It is an ever-growing set of files that each record transactions or other data. Many people keep copies of the files and update them regularly. You can add to the blockchain, but for the most part, you cannot change or remove things in the past. Additions are made one block at a time. Currently, the most actively used and discussed blockchains are for cryptocurrencies. Cryptocurrencies are made-up currencies that aren’t associated with any government but can be traded by users of the currencies and even exchanged for government-backed currency.
The blockchain stores the history of the transactions as a means of verifying that the transaction took place. The oldest and most-discussed cryptocurrency is Bitcoin, but there are tons of other cryptocurrencies and blockchains that are used for other purposes such as identity verification. For this article if I use an example of a blockchain it will be Bitcoin, however, those terms aren’t interchangeable. Bitcoin is built on a blockchain, but not all blockchains function just like Bitcoin. Understanding Bitcoin is a good place to start because it was the first widely-used blockchain and most newer blockchains function in almost the same way as Bitcoin.
WHERE IS A BLOCKCHAIN STORED?
Lots of places! Tens of thousands of people have a copy of the Bitcoin ledger on their computers. If you remember the days of Napster and Limewire, you are familiar with the idea of peer to peer sharing. Instead of having a file hosted on a single server, many people hold copies of it on their personal computers. This is one of the things that keeps it secure. Even if you change one copy of the ledger, the other ones have the original data, so other people know yours isn’t the true one.
Blockchain files are often a lot bigger than your Smashmouth All-Star mp3, so it’s a pretty big commitment to keep a copy of it and keep it updated as new additions to the ledger are being made all the time. The current size of the Bitcoin blockchain is about 160gb. Why do people want to do this? Hard to say. The excitement of being part of a movement? Civic responsibility? Keeping the blockchain files on your computer doesn’t involve any pay out.
BUILDING THE BLOCKCHAIN
Anyone who has a Bitcoin transaction to record adds that transaction to the ‘memory pool’ (a term I find disturbingly Orwelian). This is just a list of transactions that people want to have added to the blockchain. Each transaction identifies the giver, the recipient, and the amount. It is signed with a signature (which is just another number) through complicated math can be used to verify the authenticity of the person giving the money.
While storing the blockchain is unrewarded, building blocks is very lucrative. ‘Mining’ is the term used to describe the work done by computers mathematically vetting transactions in a queue waiting to be added to the blockchain. And it’s not just one miner working on one block, miners compete to add a block to the chain. For anyone single block there are thousands in competition to add the next block.

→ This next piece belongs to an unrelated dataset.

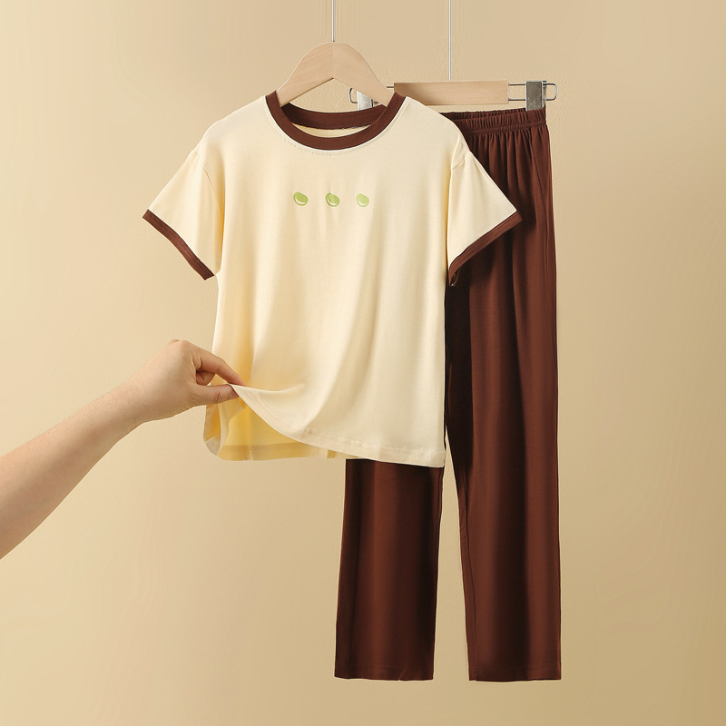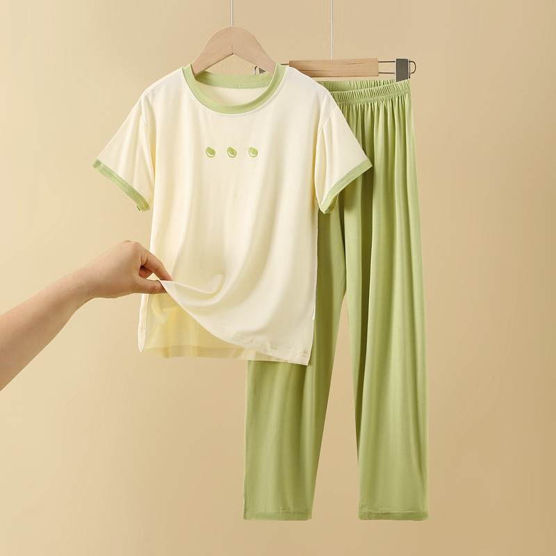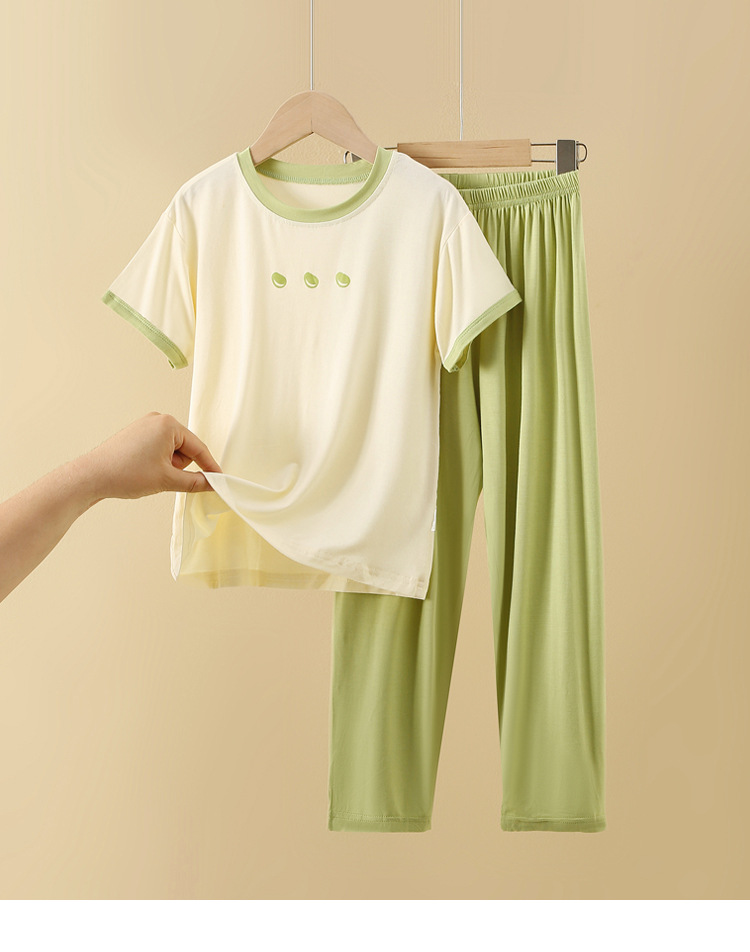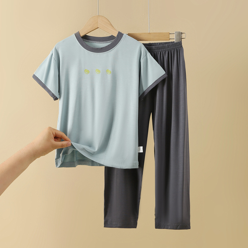 어린이 잠옷, 여름용, 중대형 아동용, 남아 여아용, 얇은 반팔 긴바지 세트, 남아용 홈웨어, 외출복으로도 가능

Many of transactions in the memory pool promise a small percentage as a payout to the miner who does the work of bundling a bunch of transactions into a block. In addition, there is a reward to the successful miner which can be worth tens or hundreds of thousands of dollars (depending on the price of Bitcoin). A pretty amazing reward for ten minutes of work, however, most of that huge award goes back into paying for the electricity that powers the process.
The math involved in vetting the transactions is highly energy intensive because it is so complex. Once the bundle has been vetted, there is one more step to getting is accepted as a block, which is a process that involves multiplying huge random numbers together to try to hit a target that was defined when Bitcoin was first built. It adapts to how many miners are competing to keep the rate of blocks being added to approximately one every 10 minutes.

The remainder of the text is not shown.